Non-Euclidean Geometry

In mathematics, non-Euclidean geometry is a small set of geometries based on axioms closely related to those specifying Euclidean geometry. As Euclidean geometry lies at the intersection of metric geometry and affine geometry, non-Euclidean geometry arises when either the metric requirement is relaxed, or the parallel postulate is set aside. In the latter case one obtains hyperbolic geometry and elliptic geometry, the traditional non-Euclidean geometries. When the metric requirement is relaxed, then there are affine planes associated with the planar algebras which give rise to kinematic geometries that have also been called non-Euclidean geometry.

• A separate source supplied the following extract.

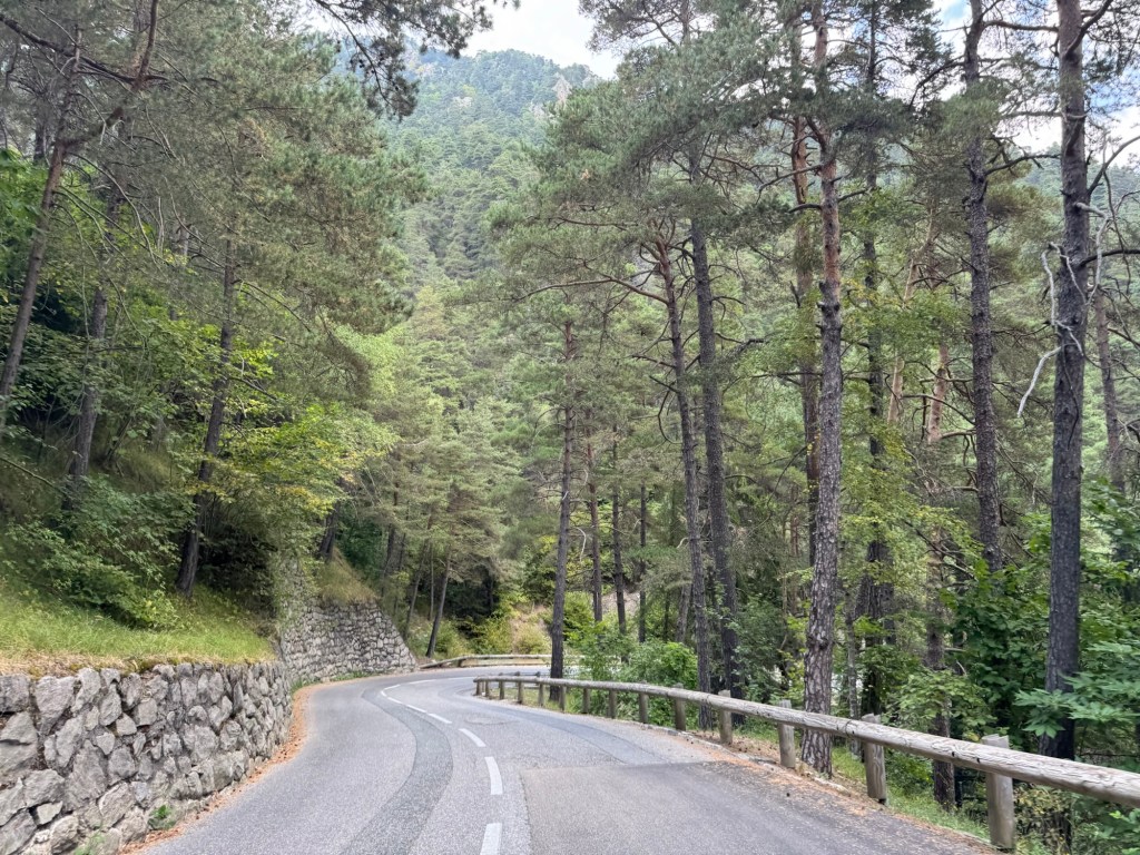 Hinter dem Pass geht es durch den Parc National du Mercantour. Hier wurden im Vallée des Merveilles (Tal der Wunder) und im Vallée de Fontanalbe (Tal der weißen Quelle) über 35.000 Felsritzungen aus der Bronzezeit gefunden. Außerdem wachsen hier über 2000 Pflanzenarten, 40 davon endemisch. Nennenswert ist dabei die Saxifraga Florulenta, eine Steinbrecherart die nach ca. 30 Jahren ein einziges Mal blüht und dann abstirbt. Hört sich für uns nicht nach einer Erfolgsgeschichte an, hält sich aber trotzdem bis heute. Außerdem leben hier Gämsen, Alpensteinböcke, Steinadler, Bartgeier, Murmeltiere, Mufflons, Auerhähne und ein paar aus Italien eingewanderte Wölfe. Natürlich sehen wir von der Straße aus nichts davon, was wir aber sehen ist unglaublich dichte und wilde Natur jenseits des Asphaltbandes. Den Weg gibt der Tinée vor, er hat eine tiefe Schlucht in die Felsen gegraben und diese nutzt die M2205C für ihren Weg in Richtung Süden. Aus dem Vallée de la Tinée zweigen wir ab auf die M2565 die gleichmäßig bis nach Valdeblore hoch führt. Durch dichten Wald fahren wir bis zum Col Saint Martin. Hinter diesem folgen wir dem Boreon, einem klitzekleinem Flüsschen dessen gigantisches Bett aber auf die im Frühjahr hier abfliessenden Wassermassen schliessen lässt.

The essential difference between the metric geometries is the nature of parallel lines. Euclid's fifth postulate, the parallel postulate, is equivalent to Playfair's postulate, which states that, within a two-dimensional plane, for any given line ℓ and a point A, which is not on ℓ, there is exactly one line through A that does not intersect ℓ. In hyperbolic geometry, by contrast, there are infinitely many lines through A not intersecting ℓ, while in elliptic geometry, any line through A intersects ℓ (see the entries on hyperbolic geometry, elliptic geometry, and absolute geometry for more information).

Another way to describe the differences between these geometries is to consider two straight lines indefinitely extended in a two-dimensional plane that are both perpendicular to a third line:

• In Euclidean geometry the lines remain at a constant distance from each other even if extended to infinity, and are known as parallels.
• In hyperbolic geometry they "curve away" from each other, increasing in distance as one moves further from the points of intersection with the common perpendicular; these lines are often called ultraparallels.
• In elliptic geometry the lines "curve toward" each other and intersect.